RECIPES FROM THE REGIONAL COOKS OF MEXICO by Diana Kennedy
Kirkus Star

RECIPES FROM THE REGIONAL COOKS OF MEXICO

By
Email this review

KIRKUS REVIEW

Diana Kennedy's latest cookbook continues not only her own efforts to educate American cooks to the subtlety and imagination of Mexican cooking (The Cuisines of Mexico, 1972; The Tortilla Book, 1975) but the tradition of regional and historical research associated with such authorities as Josefina Velásquez de LÉon. Kennedy has traveled extensively throughout the provinces of Mexico, seeking out and recording dishes of note from Oaxaca to Chihuahua. Some are regional classics or general archetypes on which many variations can be performed. Others are either the creations or the highly individual adaptations of the gifted cooks whom Kennedy encountered.
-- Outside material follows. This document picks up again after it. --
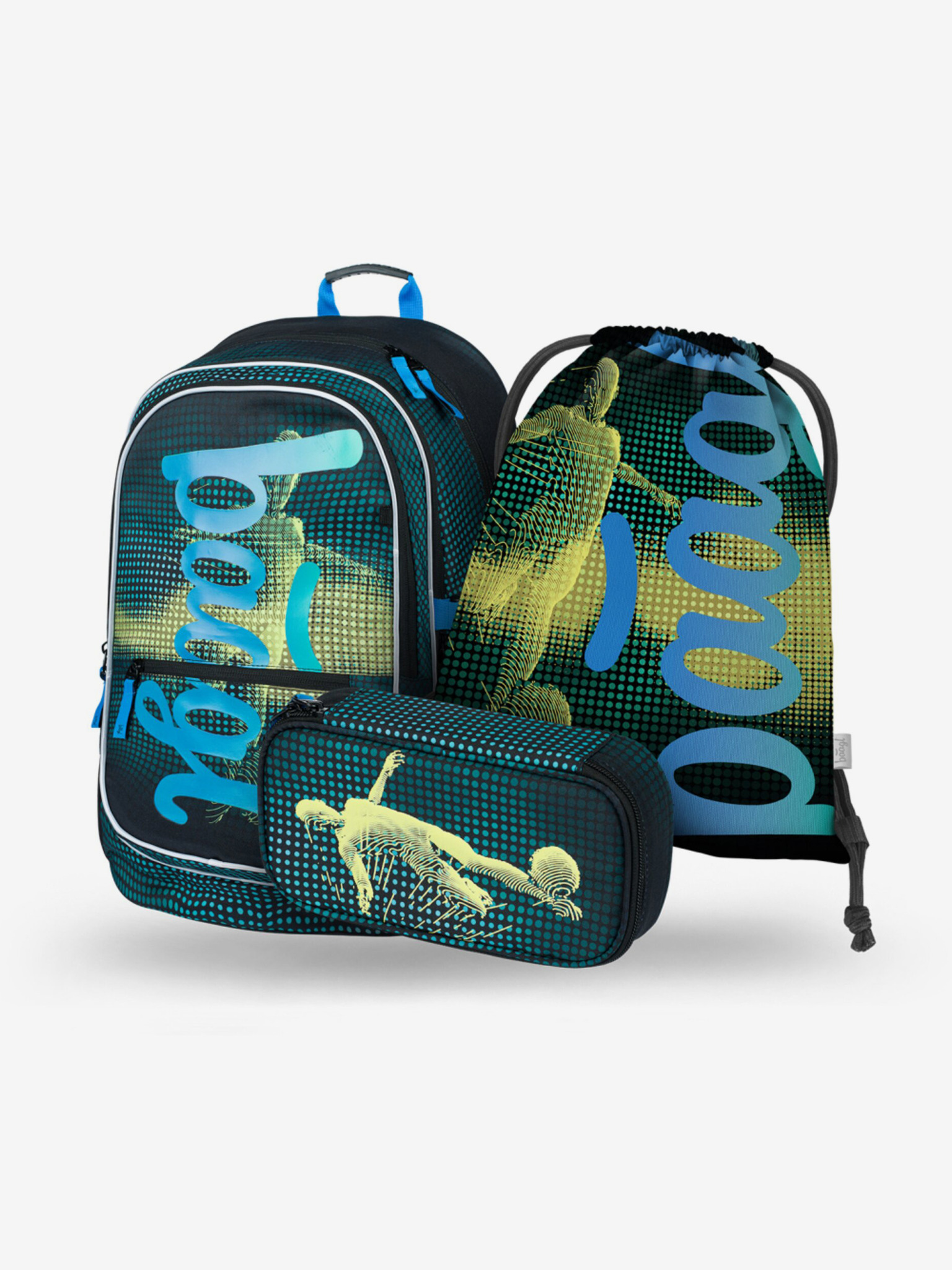 Zeleni šolski komplet Core - nahrbtnik, peresnica, torba Baagl Nogometaš

Here is a whole new wrinkle added to the dilemma of which Kennedy book to buy first. There is remarkably little duplication of previous recipes (though the material on equipment and ingredients pretty well parallels that in the two earlier books). One is tempted to run on forever listing the beauties of this collection, from such delicate and understated dishes as plain leek soup and baked chicken with almond sauce to a simple but fascinating fish-roe appetizer, a fish and shrimp sausage from Veracruz, and an Oaxacan ""barbacoa"" of lamb or mutton encased in a tamal dough and oven-steamed with sprays of fragrant avocado leaves. These treasures are interspersed with lively reminiscences and painstaking descriptions of Kennedy's labors of love--notably an impromptu apprenticeship in a Mexico City bakery. In an epoch of gastronomic hype, there are precious (very precious) few people telling us that ""perhaps presumptuously, I should like to think of my books as contributing toward the recording and preservation of an important aspect of Mexican life and culture."" Every cuisine should have a Diana Kennedy.